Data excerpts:
※ ※ ※

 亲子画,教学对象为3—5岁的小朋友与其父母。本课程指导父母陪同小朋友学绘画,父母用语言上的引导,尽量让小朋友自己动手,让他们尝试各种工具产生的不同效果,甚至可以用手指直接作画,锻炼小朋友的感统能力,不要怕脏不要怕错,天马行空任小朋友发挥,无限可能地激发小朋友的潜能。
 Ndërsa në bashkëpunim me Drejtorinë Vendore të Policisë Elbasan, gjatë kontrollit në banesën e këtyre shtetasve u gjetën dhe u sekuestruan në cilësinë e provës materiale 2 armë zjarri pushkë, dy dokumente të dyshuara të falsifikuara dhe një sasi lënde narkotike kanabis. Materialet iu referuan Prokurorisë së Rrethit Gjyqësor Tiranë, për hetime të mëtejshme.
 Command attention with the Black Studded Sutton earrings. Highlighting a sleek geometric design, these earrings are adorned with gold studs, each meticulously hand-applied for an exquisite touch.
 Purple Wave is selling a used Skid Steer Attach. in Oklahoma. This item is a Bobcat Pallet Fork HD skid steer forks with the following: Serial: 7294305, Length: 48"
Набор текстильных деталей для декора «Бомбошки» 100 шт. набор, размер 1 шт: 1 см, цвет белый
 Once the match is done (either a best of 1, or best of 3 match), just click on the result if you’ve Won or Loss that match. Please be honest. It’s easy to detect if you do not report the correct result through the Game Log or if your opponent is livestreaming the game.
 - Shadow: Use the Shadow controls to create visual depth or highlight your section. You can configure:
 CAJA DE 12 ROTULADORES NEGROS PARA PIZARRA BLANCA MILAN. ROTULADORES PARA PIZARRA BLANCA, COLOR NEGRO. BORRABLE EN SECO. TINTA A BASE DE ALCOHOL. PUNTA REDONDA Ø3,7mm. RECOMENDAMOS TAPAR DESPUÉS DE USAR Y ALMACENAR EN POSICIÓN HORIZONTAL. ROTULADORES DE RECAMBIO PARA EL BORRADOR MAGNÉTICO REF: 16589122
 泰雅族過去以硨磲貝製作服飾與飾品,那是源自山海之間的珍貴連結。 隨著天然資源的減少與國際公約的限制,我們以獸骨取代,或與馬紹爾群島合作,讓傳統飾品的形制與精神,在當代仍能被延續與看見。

※ ※ ※

→ **DESCRIPTION OF THE TASK**
Copy each line from the entries above that has the word "with" in it.

→ **RESULT OF THE EXERCISE**
 Command attention with the Black Studded Sutton earrings. Highlighting a sleek geometric design, these earrings are adorned with gold studs, each meticulously hand-applied for an exquisite touch.
 Purple Wave is selling a used Skid Steer Attach. in Oklahoma. This item is a Bobcat Pallet Fork HD skid steer forks with the following: Serial: 7294305, Length: 48"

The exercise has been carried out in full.